(Beginning of RECORDED INFORMATION)

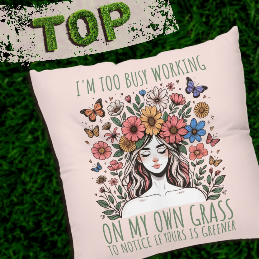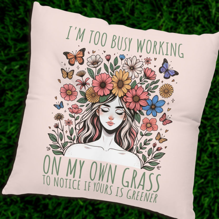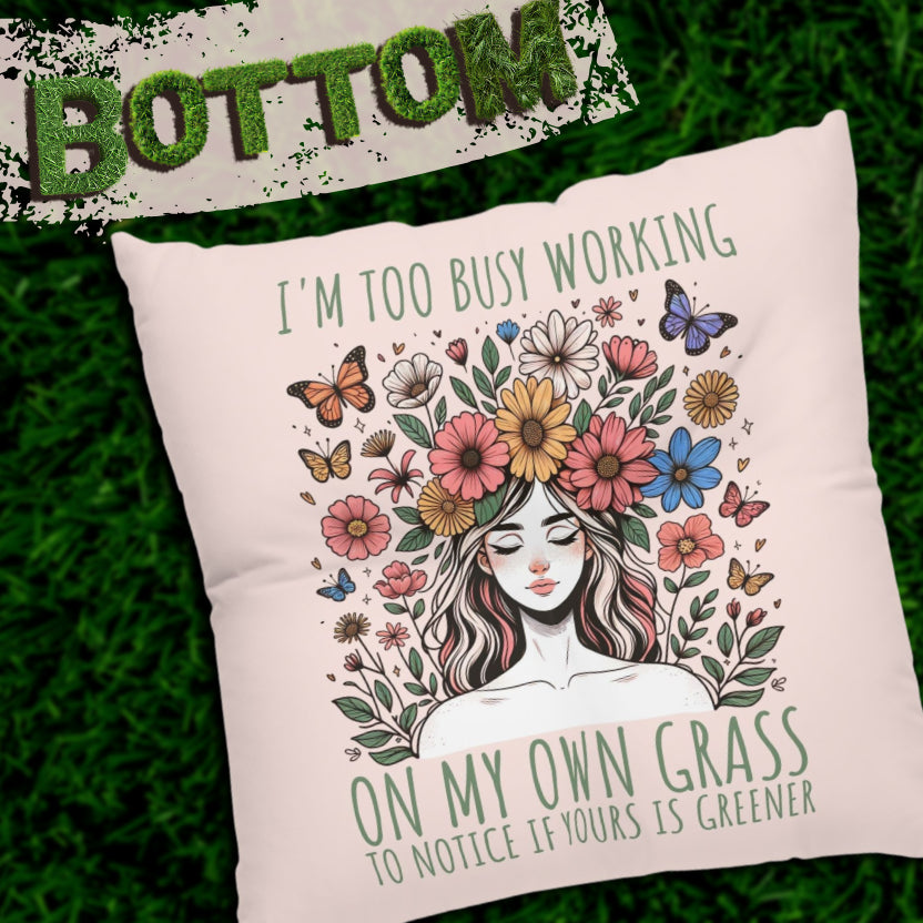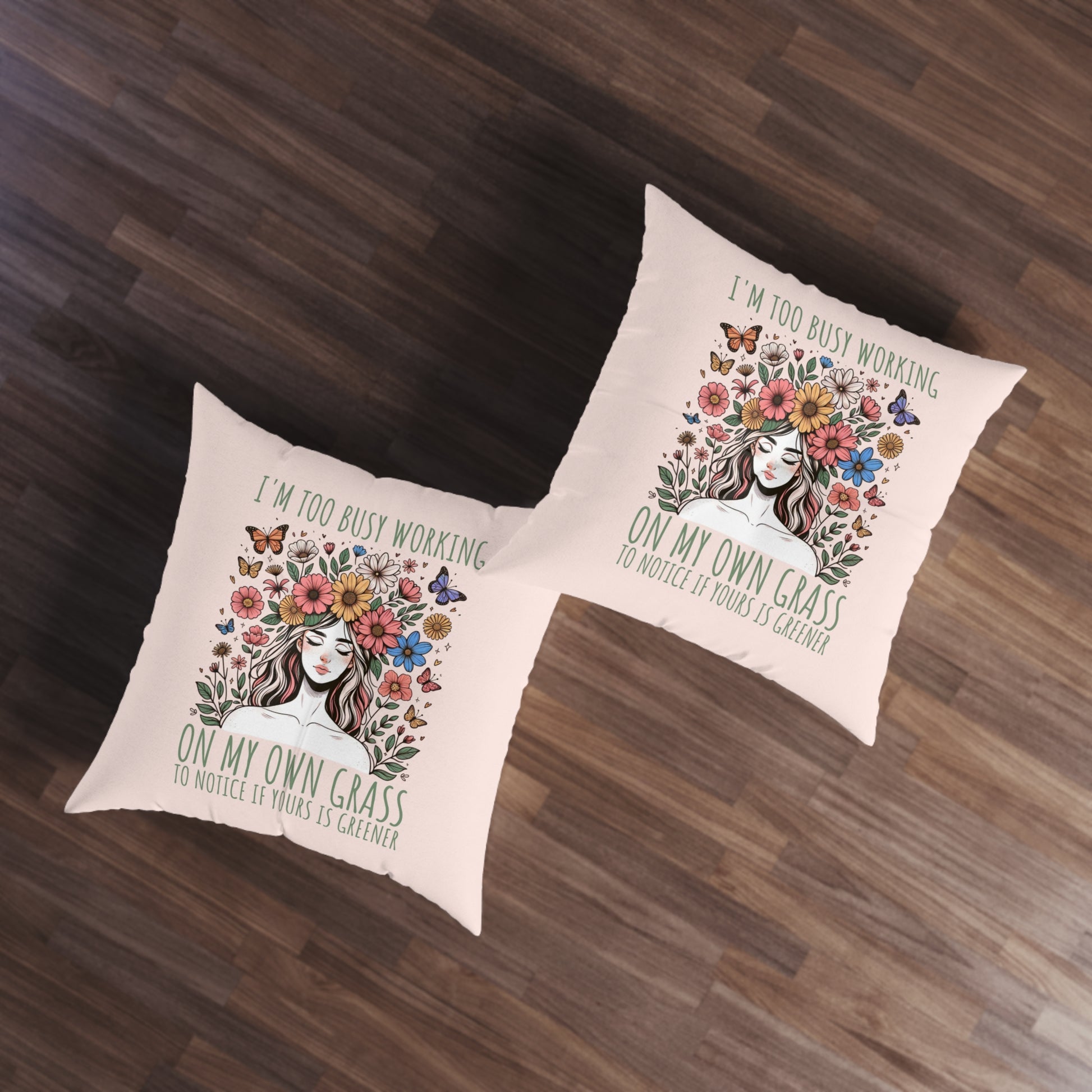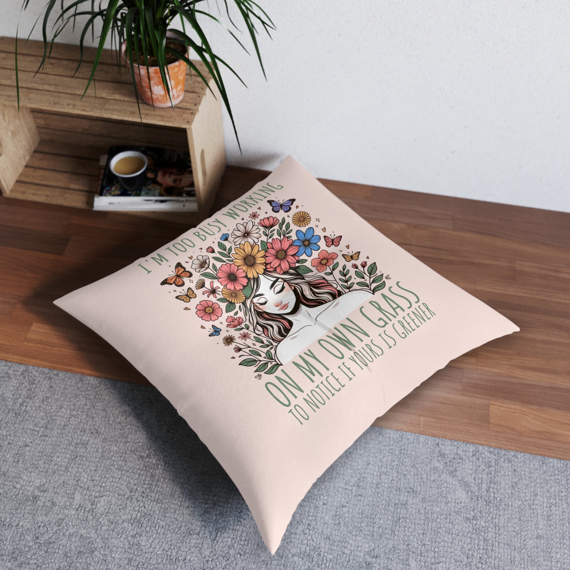 I'm too busy working on my own grass to notice if yours is greener. Comparison is the thief of joy. Stop comparing and start thriving with My Grass Is Greener, Square Tufted Floor Pillow. Our vibrant pillow will give you the energy and focus to keep pushing towards your goals, even when life gets busy.
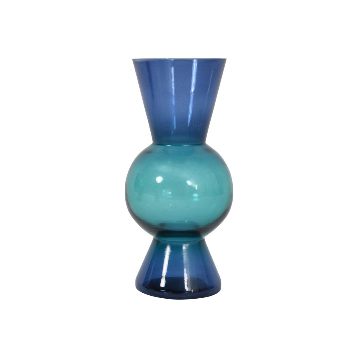 Add a splash of style and colour to your home with this stunning Elise vase from Libra. This lovely glass vase, in different shades of blue, is perfect to put on a window ledge where the sunlight will pick up the colours. The vase is a lovely ornament without flowers, but you can add fresh or silk blooms to the vase to create a beautiful display. The vase has a darker blue rim and base and, in the centre, a round bulb of a lighter blue. The vase measures 25cm high, 12cm wide and 12cm deep, perfect for a small bunch of flowers. Dimensions: H: 25 x W: 12 x D: 12 cm Materials: Glass Assembly Required: No. Notes: Clean with warm soapy water. Not suitable for dishwashers
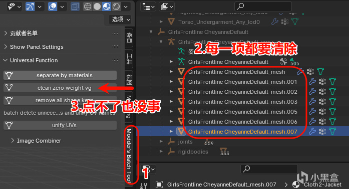 若你的模型有[形态键],请将[形态键]移除再尝试操作#
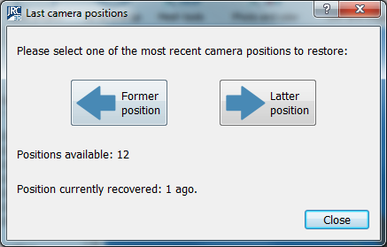 Reconstructor® keeps in memory the last 1000 camera positions through which you navigated. Through this dialog, you can browse them and go back to your previous steps, restoring useful views on your models when you lost them.
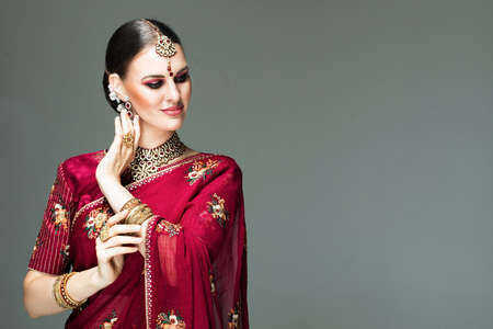 beautiful indian girl over grey background. Young hindu woman model with jewelry set .

(End of RECORDED INFORMATION)

● **TO DO**
Exactly as written, restate the listing above with its pictures omitted.

● **RESPONSE TO THIS EXERCISE**
 I'm too busy working on my own grass to notice if yours is greener. Comparison is the thief of joy. Stop comparing and start thriving with My Grass Is Greener, Square Tufted Floor Pillow. Our vibrant pillow will give you the energy and focus to keep pushing towards your goals, even when life gets busy.
 Add a splash of style and colour to your home with this stunning Elise vase from Libra. This lovely glass vase, in different shades of blue, is perfect to put on a window ledge where the sunlight will pick up the colours. The vase is a lovely ornament without flowers, but you can add fresh or silk blooms to the vase to create a beautiful display. The vase has a darker blue rim and base and, in the centre, a round bulb of a lighter blue. The vase measures 25cm high, 12cm wide and 12cm deep, perfect for a small bunch of flowers. Dimensions: H: 25 x W: 12 x D: 12 cm Materials: Glass Assembly Required: No. Notes: Clean with warm soapy water. Not suitable for dishwashers
 若你的模型有[形态键],请将[形态键]移除再尝试操作#
 Reconstructor® keeps in memory the last 1000 camera positions through which you navigated. Through this dialog, you can browse them and go back to your previous steps, restoring useful views on your models when you lost them.
 beautiful indian girl over grey background. Young hindu woman model with jewelry set .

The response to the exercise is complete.